**RECORDED INFORMATION**
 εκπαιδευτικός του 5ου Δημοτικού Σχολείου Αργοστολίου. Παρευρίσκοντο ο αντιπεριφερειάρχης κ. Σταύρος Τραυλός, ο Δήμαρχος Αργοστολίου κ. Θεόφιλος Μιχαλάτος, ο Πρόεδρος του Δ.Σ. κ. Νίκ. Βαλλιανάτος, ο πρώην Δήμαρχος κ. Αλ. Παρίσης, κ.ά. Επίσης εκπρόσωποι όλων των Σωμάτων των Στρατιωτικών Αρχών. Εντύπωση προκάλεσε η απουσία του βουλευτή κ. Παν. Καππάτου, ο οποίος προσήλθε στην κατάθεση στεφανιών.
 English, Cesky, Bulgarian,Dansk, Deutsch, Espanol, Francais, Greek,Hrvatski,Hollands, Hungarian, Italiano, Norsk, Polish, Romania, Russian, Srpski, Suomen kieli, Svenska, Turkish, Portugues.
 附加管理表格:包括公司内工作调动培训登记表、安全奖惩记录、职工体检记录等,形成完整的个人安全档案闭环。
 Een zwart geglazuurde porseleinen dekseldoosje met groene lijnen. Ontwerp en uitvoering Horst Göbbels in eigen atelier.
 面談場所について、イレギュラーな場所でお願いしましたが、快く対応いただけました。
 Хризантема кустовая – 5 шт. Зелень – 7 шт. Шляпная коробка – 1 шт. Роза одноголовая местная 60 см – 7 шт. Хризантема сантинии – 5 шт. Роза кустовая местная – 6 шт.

**HOW TO COMPLETE THIS TASK**
Write the listing out again in its entirety, exactly.

**RESPONSE**
 εκπαιδευτικός του 5ου Δημοτικού Σχολείου Αργοστολίου. Παρευρίσκοντο ο αντιπεριφερειάρχης κ. Σταύρος Τραυλός, ο Δήμαρχος Αργοστολίου κ. Θεόφιλος Μιχαλάτος, ο Πρόεδρος του Δ.Σ. κ. Νίκ. Βαλλιανάτος, ο πρώην Δήμαρχος κ. Αλ. Παρίσης, κ.ά. Επίσης εκπρόσωποι όλων των Σωμάτων των Στρατιωτικών Αρχών. Εντύπωση προκάλεσε η απουσία του βουλευτή κ. Παν. Καππάτου, ο οποίος προσήλθε στην κατάθεση στεφανιών.
 English, Cesky, Bulgarian,Dansk, Deutsch, Espanol, Francais, Greek,Hrvatski,Hollands, Hungarian, Italiano, Norsk, Polish, Romania, Russian, Srpski, Suomen kieli, Svenska, Turkish, Portugues.
 附加管理表格:包括公司内工作调动培训登记表、安全奖惩记录、职工体检记录等,形成完整的个人安全档案闭环。
 Een zwart geglazuurde porseleinen dekseldoosje met groene lijnen. Ontwerp en uitvoering Horst Göbbels in eigen atelier.
 面談場所について、イレギュラーな場所でお願いしましたが、快く対応いただけました。
 Хризантема кустовая – 5 шт. Зелень – 7 шт. Шляпная коробка – 1 шт. Роза одноголовая местная 60 см – 7 шт. Хризантема сантинии – 5 шт. Роза кустовая местная – 6 шт.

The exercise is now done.